No podría sin embargo, ni el más taimado crítico, acusar a Hoyos de falta de temperamento artístico. Lo tiene, y de sobra, diríase que para derrochar a diestra y siniestra. Revélase en las páginas de su obra algo más que un retórico: un luchador robusto y decidido. Pero este luchador no ha elegido todavía su arma: usa indistintamente y según los momentos, ya el fino florete francés, ya la pesada espada italiana, ya la maza, o el revólver ¡y hasta la lanza de Don Quijote!

Las letras castellanas tienen todavía mucho que esperar de ese escritor. Su complejo espíritu en que se revuelven y amalgaman el hidalgo y el snob, el nervioso aristócrata y el sanguíneo arrivista, el hombre de mundo y el hombre de letras, el pensador y el esteta, es un producto típico de nuestra época. Hoyos es un hombre moderno, esencialmente moderno. Se ve que ha nacido y vive en los tiempos del telégrafo sin hilos y del automóvil.

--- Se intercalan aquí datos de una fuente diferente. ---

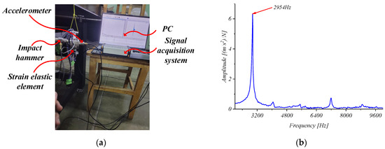 Since machining is a dynamic process, the natural frequency of the strain elastic element must be considered. In order to determine the natural frequency of the elastic element, free mode tests were performed using the natural frequency test system YE6231C (SNOCERA PIEZOTRONICS Co., LTD. Jiangsu, China), as shown in Figure 12a. The accelerometer was fixed on the structure and excited by an impact hammer.
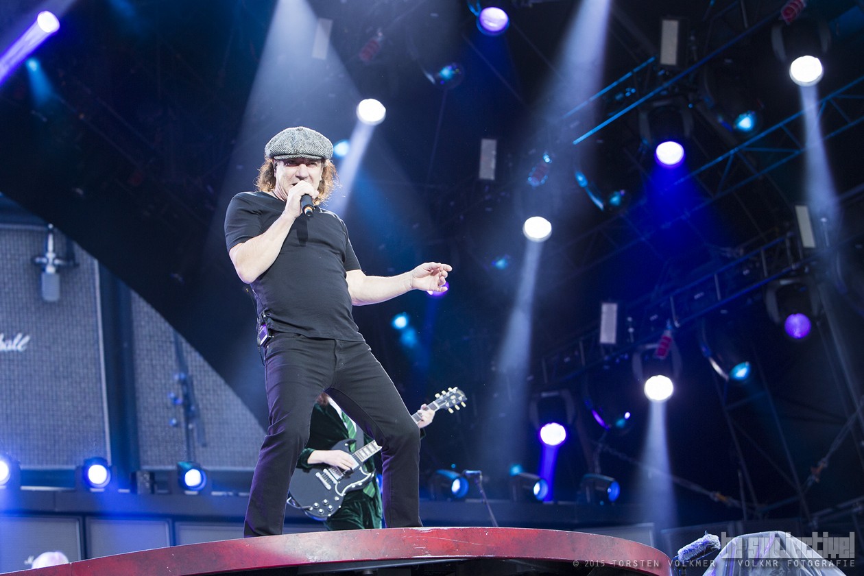 AC/DC. AC/DC. AC/DC. 20:45. Das Meer von Fan-Shirts teilt sich nicht, es spuckt einen Chor aus, der die Band aus Rosies Kammer auf die Bühne saugt. Vielstimmig überzieht Gänsehaut das Publikum, als die Leinwände mit Astronauten kegeln und sie mit viel Pyro und Kanonenfeuer phallisch in den Höllenschlund ziehen. „Rock Or Bust“ läutet ein unendliches Licht-, Bild- und Farbenspektakel ein. Die Show-Hure ist verzückt. Es scheint kaum zu stören, dass die Kommunikation mit dem Publikum eigentlich nicht stattfindet. Muss sie auch nicht, das Publikum ist hypnotisiert.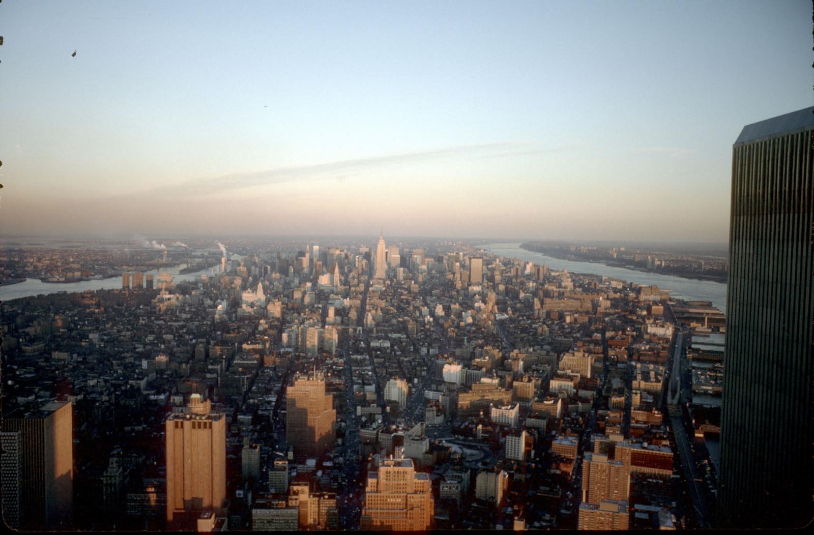 Manhattan: L'arrondissement le plus célèbre de New York, Manhattan est le cœur financier et culturel de la ville. Il abrite des gratte-ciels emblématiques tels que l'Empire State Building, le Chrysler Building et les tours du One World Trade Center qui existaient encore à l’époque du voyage.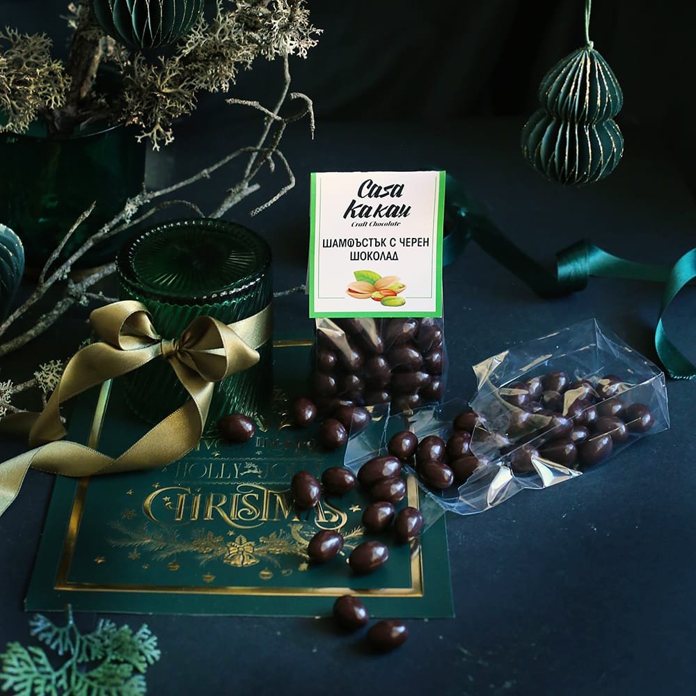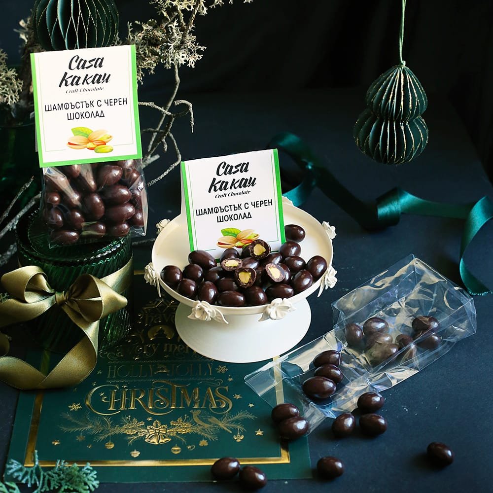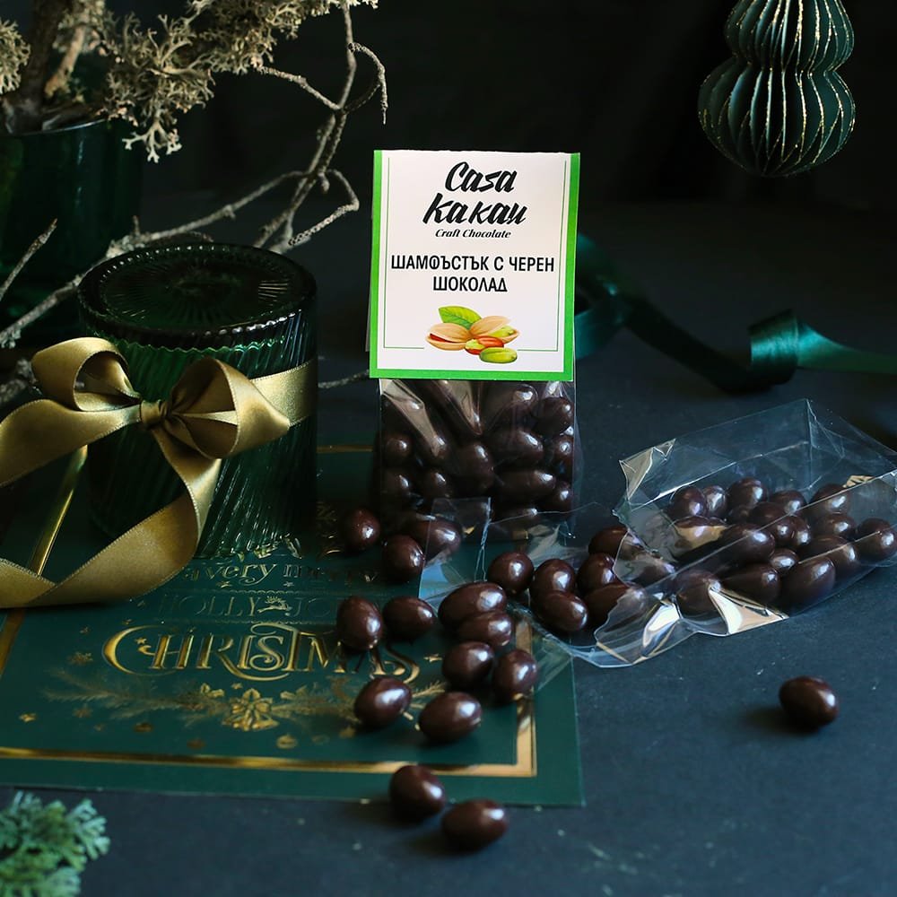 Свежи, неустоими и изключително вкусни, това са веган, безглутенови, шоколадови дражета, ръчно приготвени с голямо внимание и любов. Съдържащи първокласни, белени ядки шамфъстък, покрити с черен шоколад, те са идеални за споделяне, по време на път или като бърз източник на енергия и тонус.

No es un escritor naturalista lleno de fuerza y salud a la manera de la señora Pardo Bazán, ni un arcaico caballero a la moderna como Valle-Inclán, ni un resucitado del Renacimiento al modo de Valera, ni un alma rancia y grandiosamente castiza a lo Pereda y Pérez Galdós... Es algo distinto de todo eso, que casi raya en la literatura mórbida de nuestros días, y que resulta un tanto nuevo y casi exótico en España... Es, en una palabra, con sus condiciones y sus defectos, quizás más por sus defectos que por sus condiciones, un hijo genuino del siglo XX.